Is there any way to make our Sentry Alerting rules "declarative"? Similar to how our Terraform code represents our AWS infrastructure, it would be nice if our Sentry Alerts could live as code somewhere rather than just in the Sentry GUI.

Monitor this over a week or two

I agree with this and think maybe it should be even longer. During this time, I think @kfrz , you, and myself should setup a weekly rotation to manually monitor #vetsgov-sentry-alerts, where we respond to every alert in the channel. By, "respond", I mean

tweaking an alert rule
making code fix
mark as "ignored" or "resolved" in Sentry
create a GH issue for the Sentry issue

Then, the oncall person can respond in a slack-thread to the Sentry message indicating what they did and also,

make a count of these alerts and put them in a spreadsheet for further analysis

cvalarida commented 5 years ago

PagerDuty integration

:+1: I hear you. I don't know that the alerts are super actionable right now anyhow, so I'm good with waiting for now.
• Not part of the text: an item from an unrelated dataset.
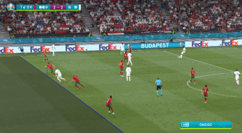 第84分钟,菲利克斯斜传球到禁区,后点C罗高高跃起头球攻门偏出,也吹了C罗压人犯规。第88分钟,卢卡斯带球推进前场过人后直传,拉比奥分球,马夏尔带球突入禁区连续摆脱后抽射,球被防守球员封堵。补时阶段,桑谢斯前场左侧直接一脚冷射,洛里把球抱住。随后葡萄牙继续进攻,特林康分球禁区左侧,C罗一脚劲射,洛里封住近角。↓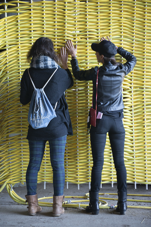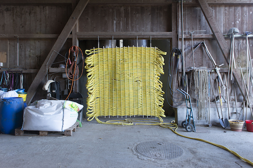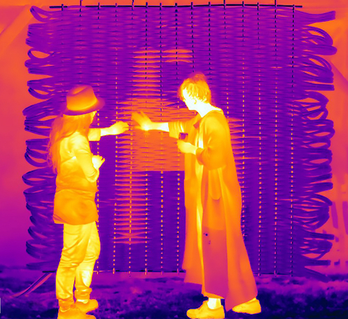 Die Arbeit Hotties in the Neighborhood von Badel/Sarbach zeigt die Silhouette eines Tieres, die nicht über den visuellen Sinn, sondern über den haptischen Sinn – also durch Berührung – erfahrbar ist. In die aus Schläuchen gewebte Struktur fliesst heisses und kaltes Wasser. Mit einer hochauflösenden Wärmebildkamera, die nicht Teil der Installation ist, hat das Künstlerduo ein Bild des Werkes erstellt, das in der Publikation HOX zu sehen sein wird, die an der Finissage vom 3. Oktober ihr Release feiert. Ausgangslage dieser Arbeit ist Badel/Sarbachs Interesse für Entropie und Körper mit den Grenzziehungen zwischen den menschlichen und den nichtmenschlichen Körpern sowie dem Körper als stellarem Speichermedium.

Sentry alerts triage rotation

I dig it! We'll probably all be involved at some level regardless of whose turn it is, but rotating who's taking point is a great idea.

In other news, I don't know at what point we should consider this ticket closed... :grimacing:

omgitsbillryan commented 5 years ago

Looks to me that most of the boxes on the acceptance criteria can be marked complete. Most of the relevant information has been written in the comments in this GH issue. All that's left is to make a schedule for a few weeks. Such a doc may or may not be a .md in the triage team github space - I can go either way since it's a supposed temporary thing.

kfrz commented 5 years ago

:heavy_plus_sign: to making Sentry alerts part of the configuration, though I don't see how this could work because events are quite unique...

Yeah, let's draw up a schedule for the arbiter-of-#vetsgov-sentry-alerts on Wednesday and put that into play? Also, maybe renaming that channel is an easy win... #vsp-sentry-alerts?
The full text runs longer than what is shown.